* Provided data:
'''
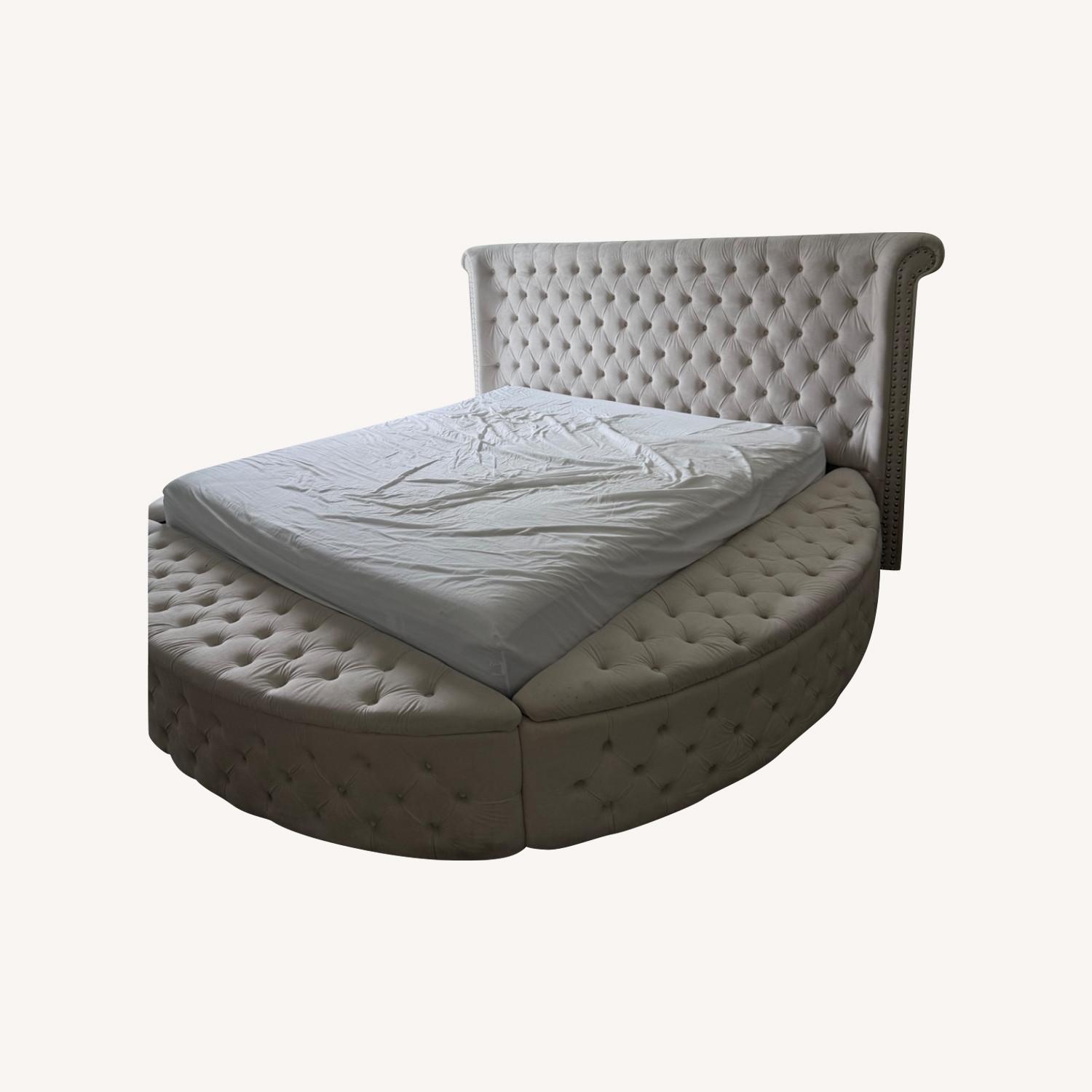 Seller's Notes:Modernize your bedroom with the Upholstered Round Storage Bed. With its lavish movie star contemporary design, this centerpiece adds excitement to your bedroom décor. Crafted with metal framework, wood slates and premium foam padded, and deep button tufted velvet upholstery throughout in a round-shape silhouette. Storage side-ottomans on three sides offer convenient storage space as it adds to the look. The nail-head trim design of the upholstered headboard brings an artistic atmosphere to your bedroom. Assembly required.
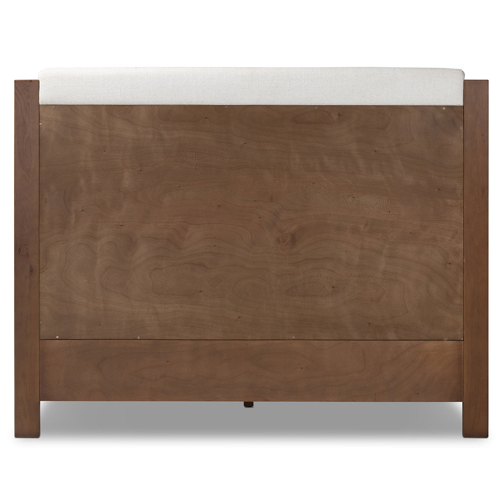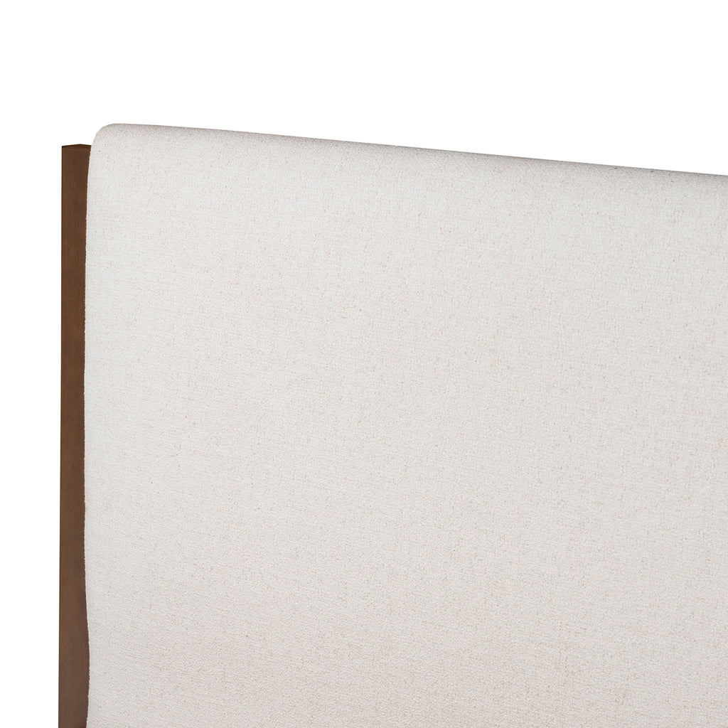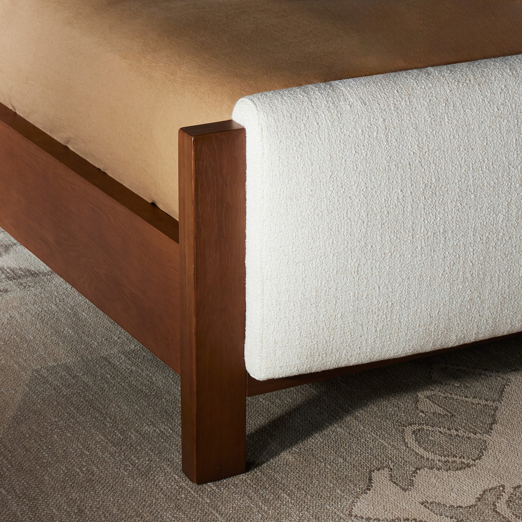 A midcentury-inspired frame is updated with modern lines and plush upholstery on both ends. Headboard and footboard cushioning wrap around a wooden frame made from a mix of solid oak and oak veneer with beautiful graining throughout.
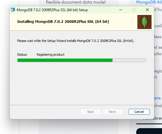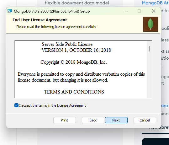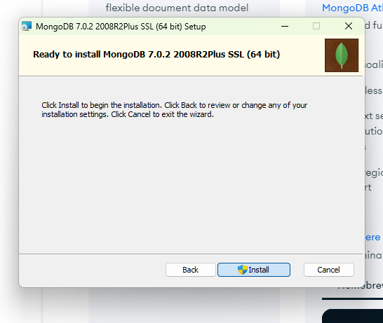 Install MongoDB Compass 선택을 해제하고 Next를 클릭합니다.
'''
Your task is to repeat the data above exactly while excluding the pictures.

 Seller's Notes:Modernize your bedroom with the Upholstered Round Storage Bed. With its lavish movie star contemporary design, this centerpiece adds excitement to your bedroom décor. Crafted with metal framework, wood slates and premium foam padded, and deep button tufted velvet upholstery throughout in a round-shape silhouette. Storage side-ottomans on three sides offer convenient storage space as it adds to the look. The nail-head trim design of the upholstered headboard brings an artistic atmosphere to your bedroom. Assembly required.
 A midcentury-inspired frame is updated with modern lines and plush upholstery on both ends. Headboard and footboard cushioning wrap around a wooden frame made from a mix of solid oak and oak veneer with beautiful graining throughout.
 Install MongoDB Compass 선택을 해제하고 Next를 클릭합니다.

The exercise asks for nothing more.